A real estate broker is a step up the professional food chain. Brokers have additional training and education that have qualified them to pass a higher licensing exam; most states also require them to have a certain amount of recent experience as an active real estate agent. Brokers handle the technical aspects of the real estate transaction. A client signs a contract with a brokerage, not the individual agent. In many states brokers' additional certification authorizes them to handle other legal and financial aspects of a deal, such as handling the earnest money deposit and establishing the escrow account.
Your passing grade on your state real estate licensing exam doesn’t quite mean you have a license yet. A real estate salesperson (agent) is licensed to act on behalf of a broker and may not act as a real estate agent independently. Consider finding a real estate broker early in your licensing process. Once you have completed your prelicensing education requirements and passed your exam, you and your broker will both need to complete final paperwork with the state. Once the form is accepted, your license will be issued, and you may practice real estate under the sponsorship of the broker. Keep in mind that there are a number of items to consider when finding the right real estate brokerage.
States require people to take pre-licensing training from a certified institution before they can sit for the real estate licensing exam. The required number of training hours can vary significantly by jurisdiction: In Virginia, for example, real estate agents must take 60 hours of pre-licensing training, but in California they need to take 135 hours.

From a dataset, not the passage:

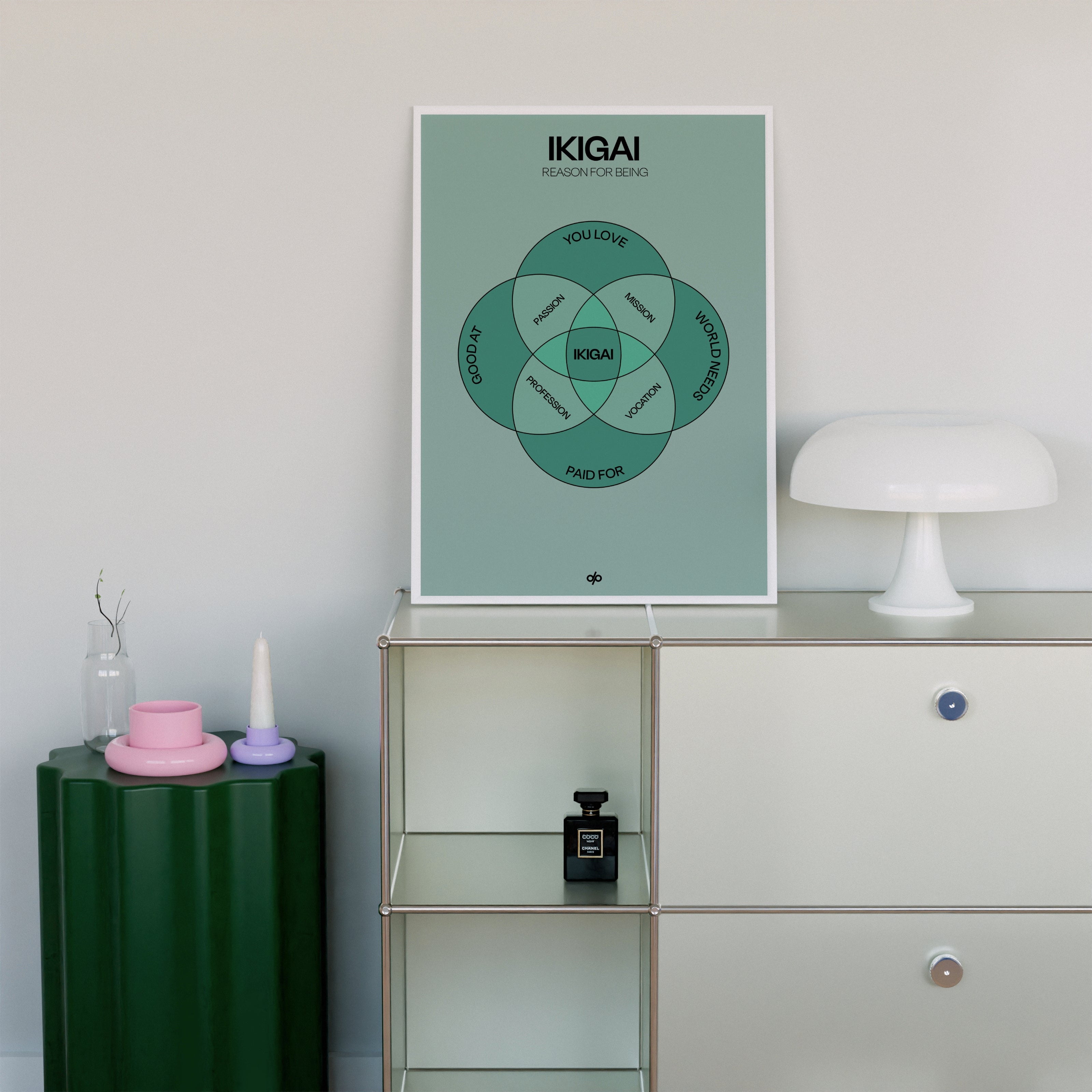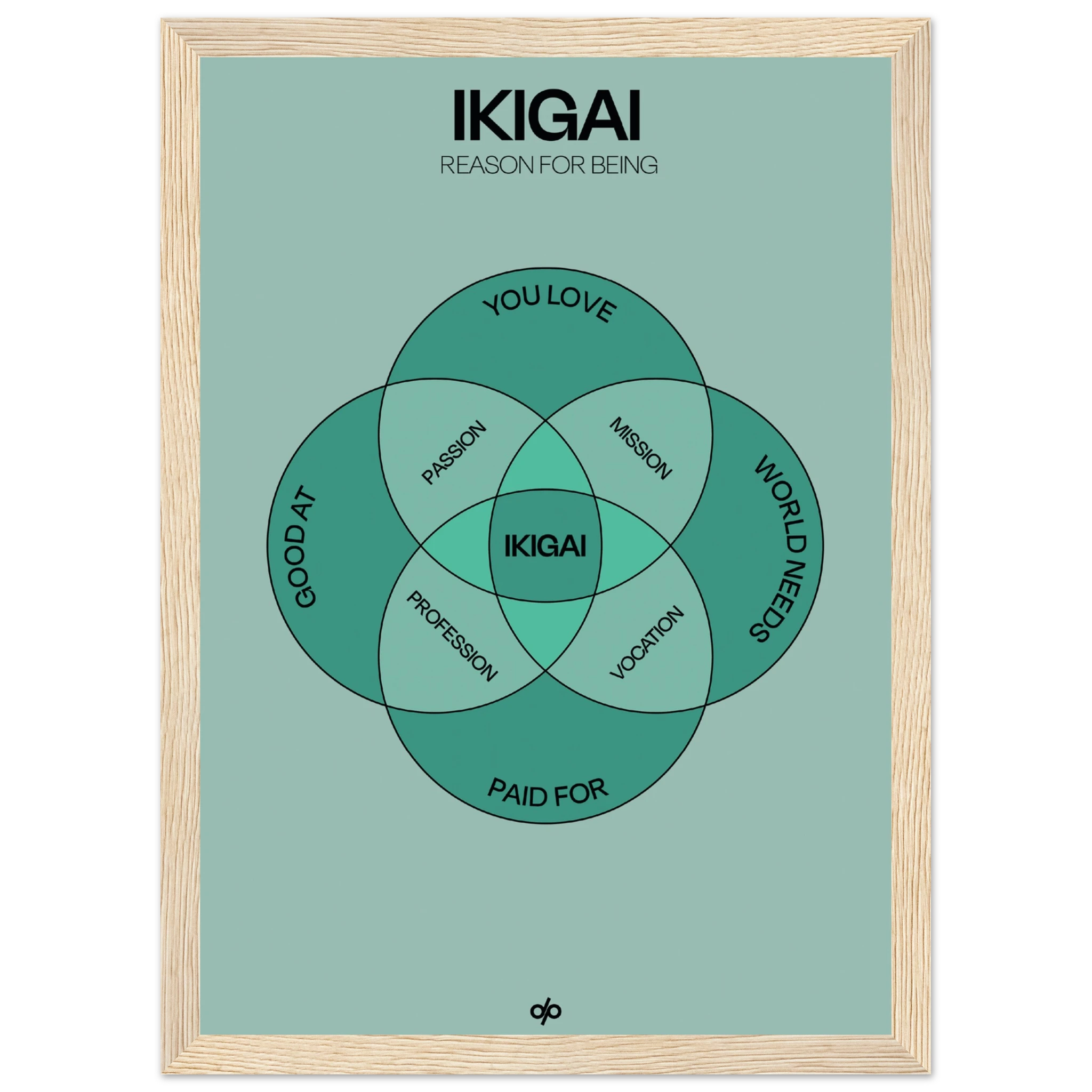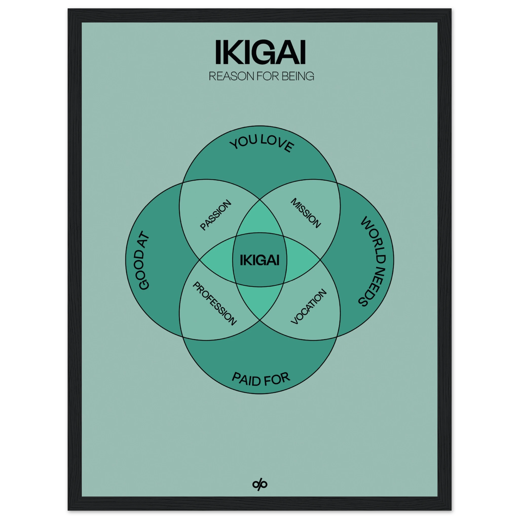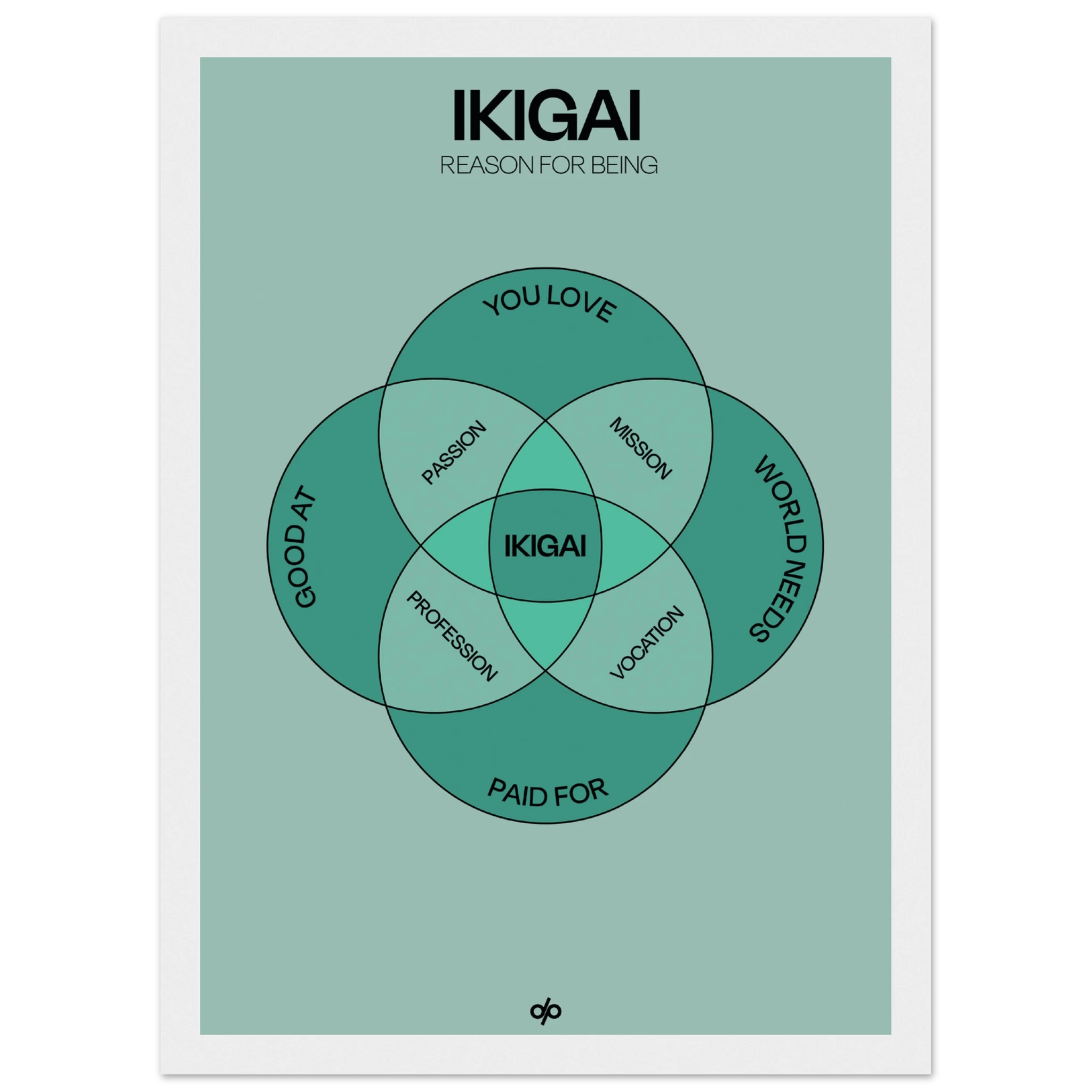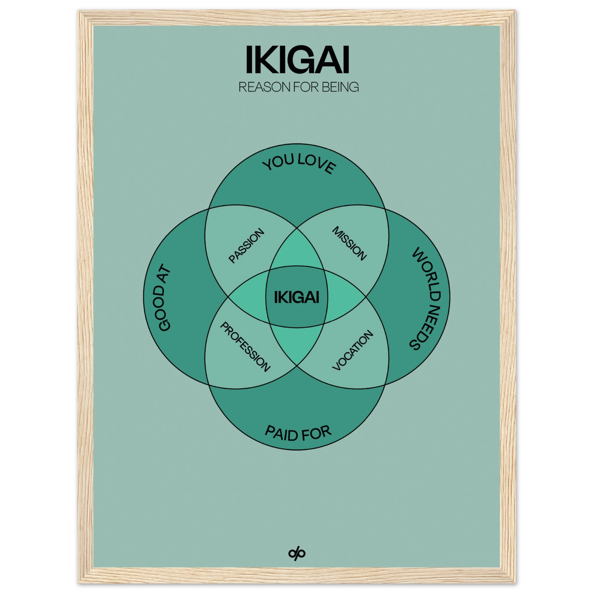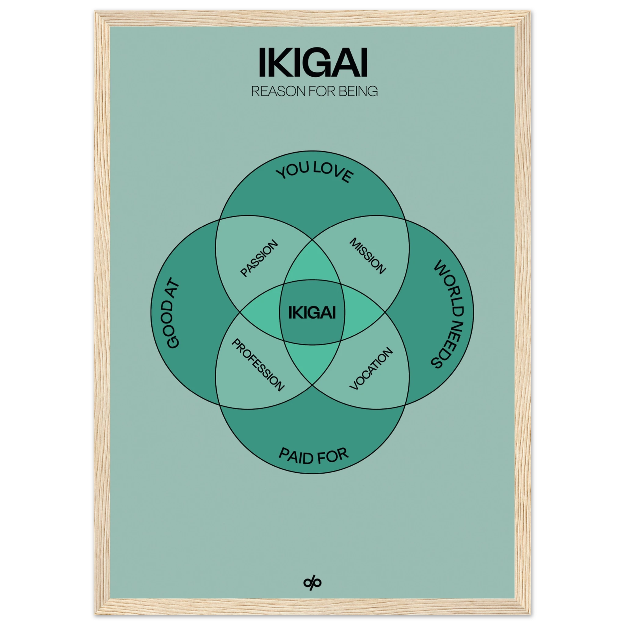 Ikigai art poster visualizes the Japanese concept of “reason for being” through a clean, calming Venn diagram that connects what you love, what you’re good at, what the world needs, and what you can be paid for. At the center lies Ikigai — the sweet spot of fulfillment. This design is a visual prompt for alignment, purpose, and personal clarity.

5. Agents perform tasks that take a lot of time, thus allowing their clients to focus on other things instead of wasting time trying to figure out how to do certain things on their own. Among the daily tasks are marketing the properties online or via the multiple listing services (MLS), scheduling showings, planning an open house, keeping in touch with the buyers/sellers/landlords, formulating offers, and so on.

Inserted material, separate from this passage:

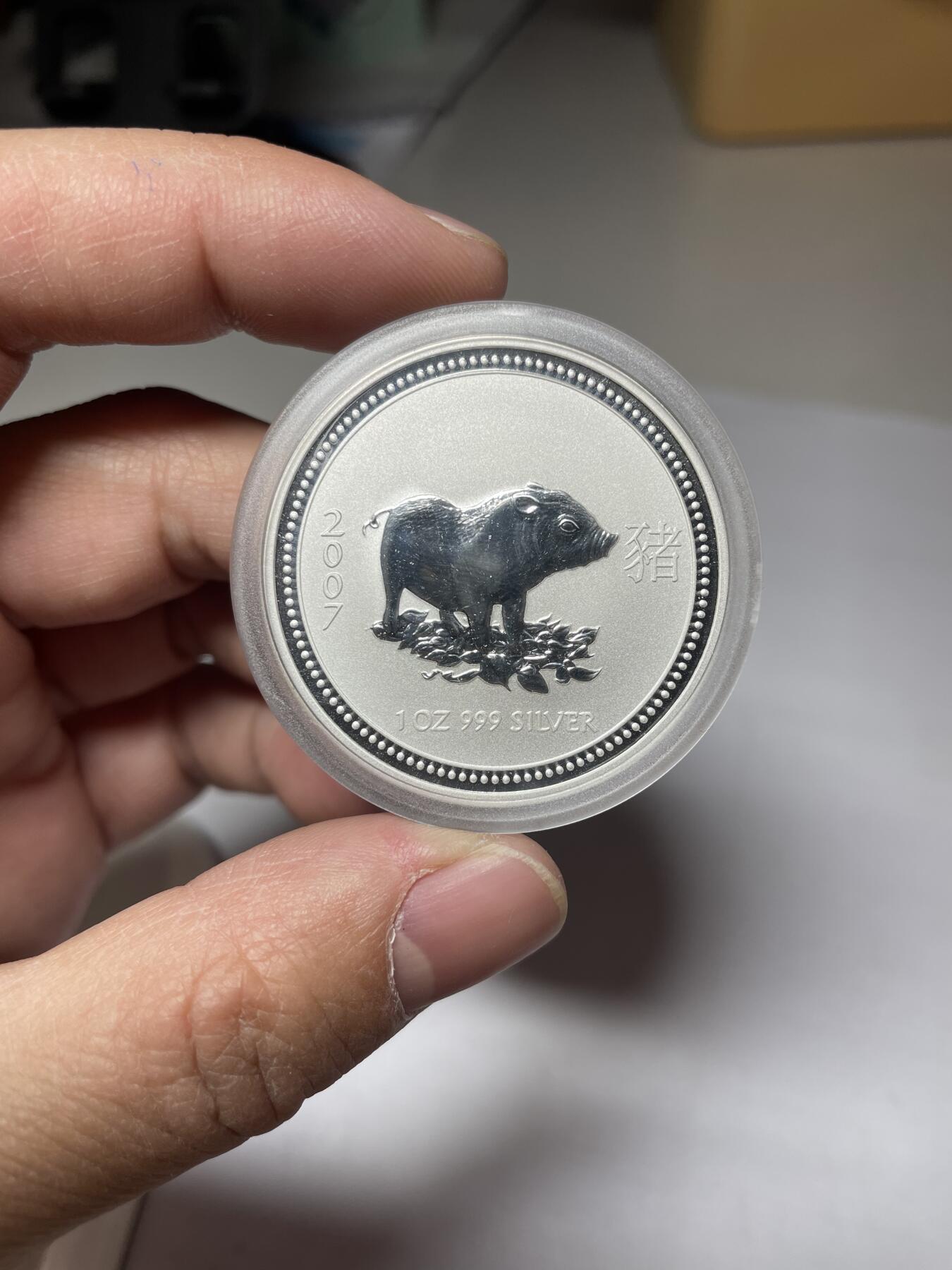 这枚澳大利亚2007年猪年1盎司精制银币,是珀斯铸币局生肖系列中的经典之作。999纯银的镜面底板上,憨态可掬的野猪浮雕栩栩如生,搭配汉字“猪”与年份“2007”,完美融合了东方生肖文化与西方造币工艺。正面伊丽莎白二世女王的肖像采用高浮雕黑底工艺,与背面的哑光银质图案形成鲜明对比,原封的保护壳更留存了出厂时的精致光泽。它不仅是贵金属投资的稳妥选择,也是全球华人藏家珍视的文化符号,一枚在手,既是对农历猪年的美好纪念,也是东西文化交融的独特见证。

Agents act as go-betweens for the principal parties, carrying offers and counteroffers and other questions back and forth. Once a bid is accepted, agents on both sides often continue to work, helping their clients through the paperwork, conveying communications, advising on inspections and moving, and generally shepherding the deal through to closing.
It’s important for consumers to understand whether a real estate agent represents the buyer, the seller, or both parties; obviously, the agent’s loyalty can greatly affect several details of the transaction, including the final price. State laws regulate whether an agent can represent both parties in a real estate transaction, technically known as “dual agency.” Agents must disclose their representation, so that buyers and sellers are aware of any conflicts of interest.